Tilting at Windmills

By Daniel R. Matlis

This weeks CIO magazine has an interesting article entitled “Tilting at Silos: Fostering Teamwork Between Insulated Groups”  http://www.cio.com/article/118350?source=nlt_cioinsider
The author makes a good analogy between Don Quixote’s attack on windmills and the need for the Tech industry to tear down organizational silos.

In Life-Sciences, Windmills are armor plated and surrounded by motes.  Most Life-Science manufacturers are organized in well defined and delineated functional areas, each with specific roles and responsibilities.  Each of these functional areas have traditionally operated as silos or stove pipes, having their own well defined, independent and often unaligned goals, objectives and incentives.

For example, R&D might be incentivized on the number of new inventions or patents filed, regardless of how many of those make it to market successfully. On the other hand, sales people may be compensated on the number of units sold, regardless of how many are returned due to defects. This level of independence has lead to the “catapult effect”, where deliverables are thrown over the wall to the next functional area to deal with.

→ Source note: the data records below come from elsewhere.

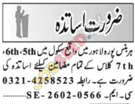 Are you a passionate educator looking for government career openings in the education sector? A reputable school in Harbanspura, Lahore, is seeking dedicated Teachers for various subjects for 5th, 6th and 7th classes. This is a great chance to join a growing educational institution and contribute to the development of young minds. Offering competitive salary packages, this teaching job provides an excellent pathway for professional growth. Apply now to seize the career opportunity!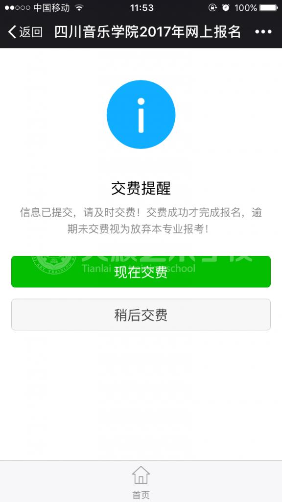 考生在报名交费过E中Q请核对交费信息中的收款单位名称(四川音乐学院)、支付金额、报考专业等信息是否正确。交Ҏ功后所交费用一律不予退q。考点报名旉截止时仍未交费的报考信息无效?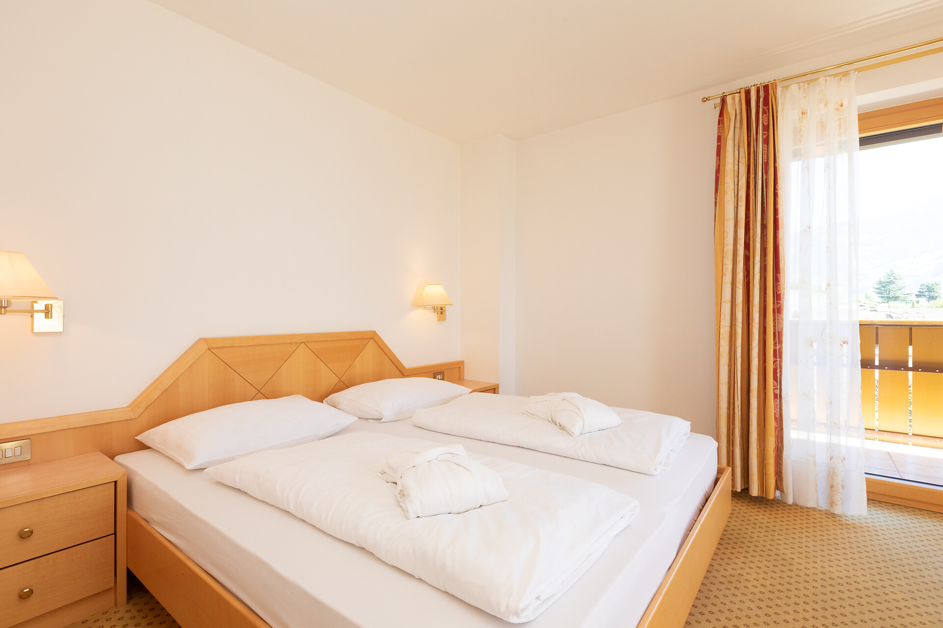 Doppelzimmer, Doppelbett, Balkon, Terrasse, Wohnecke, Minibar, Safe, Dusche / Bad, Bidet, Haarfön, Bademantel, TV, Satellit/Kabel, WLAN, Dependance, Südseite

Today, as products become more complex, regulatory requirements more stringent and prices more disputed, medical device organizations must examine the entire product lifecycle and develop a unified, focused and interdependent approach to enable the creation of synergy and shared goals across the entire organization. This approach enables the development of products and processes which reduce variability and meet critical quality requirements with the least amount of time, resources and costs expended.

Technology is often viewed as the panacea to interconnecting silos and tilting windmills. Although technology is available today to enable this level of integration, technology can only enable change, not drive it. Tilting armor plated windmills requires cultural and organizational changes supported by mature technology.